The data:
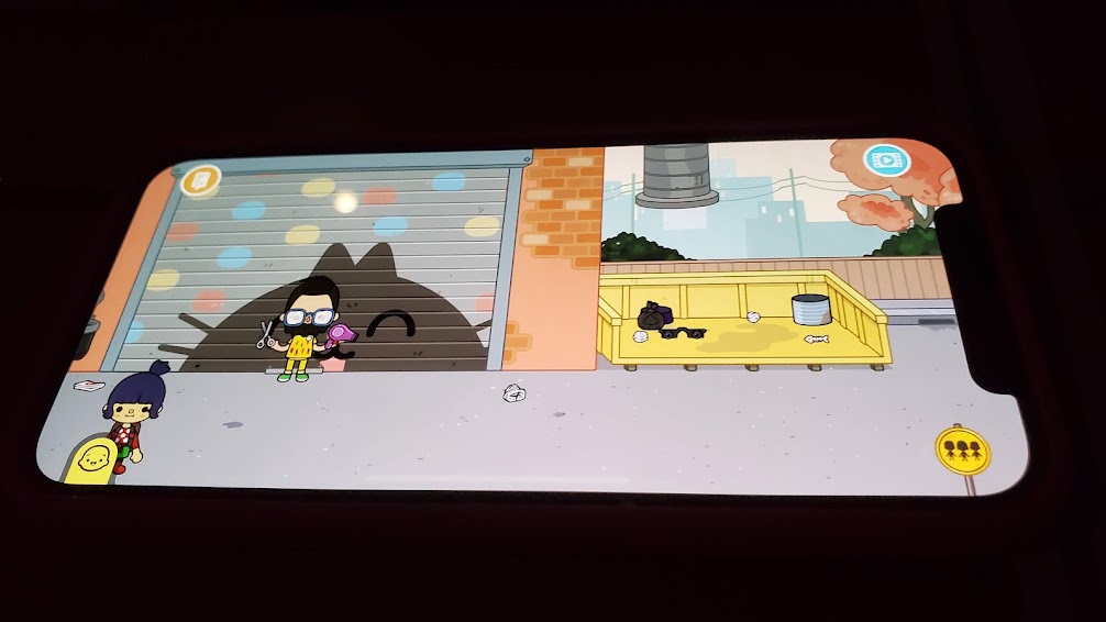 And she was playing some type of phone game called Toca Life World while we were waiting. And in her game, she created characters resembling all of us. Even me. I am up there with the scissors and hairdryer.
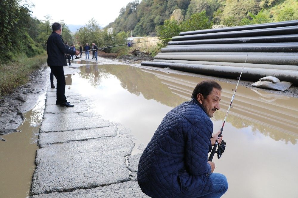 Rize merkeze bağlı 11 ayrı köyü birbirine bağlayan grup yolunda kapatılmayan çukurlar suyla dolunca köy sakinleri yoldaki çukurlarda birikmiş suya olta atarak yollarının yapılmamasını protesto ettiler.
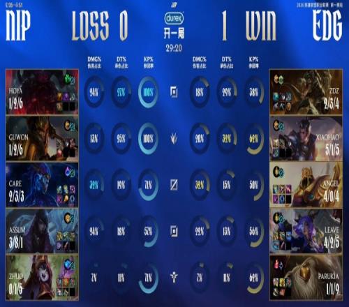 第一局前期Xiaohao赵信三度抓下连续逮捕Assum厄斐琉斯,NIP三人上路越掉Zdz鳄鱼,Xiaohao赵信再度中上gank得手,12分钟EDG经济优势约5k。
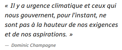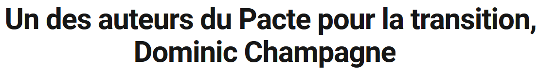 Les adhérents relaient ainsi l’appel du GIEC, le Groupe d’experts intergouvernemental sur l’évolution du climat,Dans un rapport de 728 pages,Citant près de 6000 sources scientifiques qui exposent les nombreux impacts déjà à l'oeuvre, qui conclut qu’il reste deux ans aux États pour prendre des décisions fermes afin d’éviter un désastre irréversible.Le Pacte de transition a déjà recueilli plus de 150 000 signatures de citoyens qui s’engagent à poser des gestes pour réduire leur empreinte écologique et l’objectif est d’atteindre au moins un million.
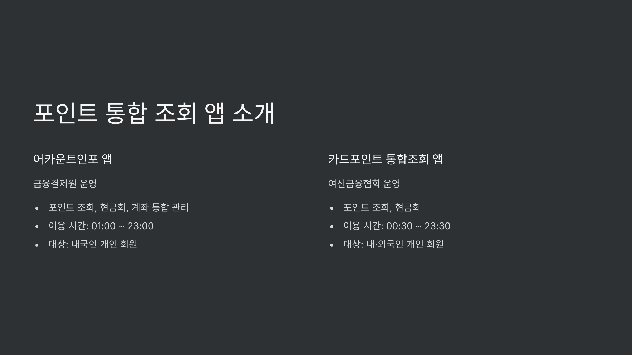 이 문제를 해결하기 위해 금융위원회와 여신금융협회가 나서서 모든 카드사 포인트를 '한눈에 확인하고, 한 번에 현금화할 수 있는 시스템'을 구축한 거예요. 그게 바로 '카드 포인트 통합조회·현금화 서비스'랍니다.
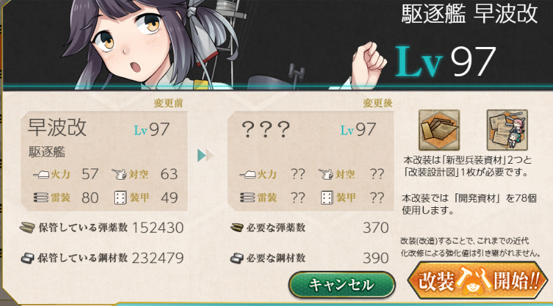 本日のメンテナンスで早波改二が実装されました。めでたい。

Aim of the exercise: Leave out the pictures and retype every line above exactly.

Response:
 And she was playing some type of phone game called Toca Life World while we were waiting. And in her game, she created characters resembling all of us. Even me. I am up there with the scissors and hairdryer.
 Rize merkeze bağlı 11 ayrı köyü birbirine bağlayan grup yolunda kapatılmayan çukurlar suyla dolunca köy sakinleri yoldaki çukurlarda birikmiş suya olta atarak yollarının yapılmamasını protesto ettiler.
 第一局前期Xiaohao赵信三度抓下连续逮捕Assum厄斐琉斯,NIP三人上路越掉Zdz鳄鱼,Xiaohao赵信再度中上gank得手,12分钟EDG经济优势约5k。
 Les adhérents relaient ainsi l’appel du GIEC, le Groupe d’experts intergouvernemental sur l’évolution du climat,Dans un rapport de 728 pages,Citant près de 6000 sources scientifiques qui exposent les nombreux impacts déjà à l'oeuvre, qui conclut qu’il reste deux ans aux États pour prendre des décisions fermes afin d’éviter un désastre irréversible.Le Pacte de transition a déjà recueilli plus de 150 000 signatures de citoyens qui s’engagent à poser des gestes pour réduire leur empreinte écologique et l’objectif est d’atteindre au moins un million.
 이 문제를 해결하기 위해 금융위원회와 여신금융협회가 나서서 모든 카드사 포인트를 '한눈에 확인하고, 한 번에 현금화할 수 있는 시스템'을 구축한 거예요. 그게 바로 '카드 포인트 통합조회·현금화 서비스'랍니다.
 本日のメンテナンスで早波改二が実装されました。めでたい。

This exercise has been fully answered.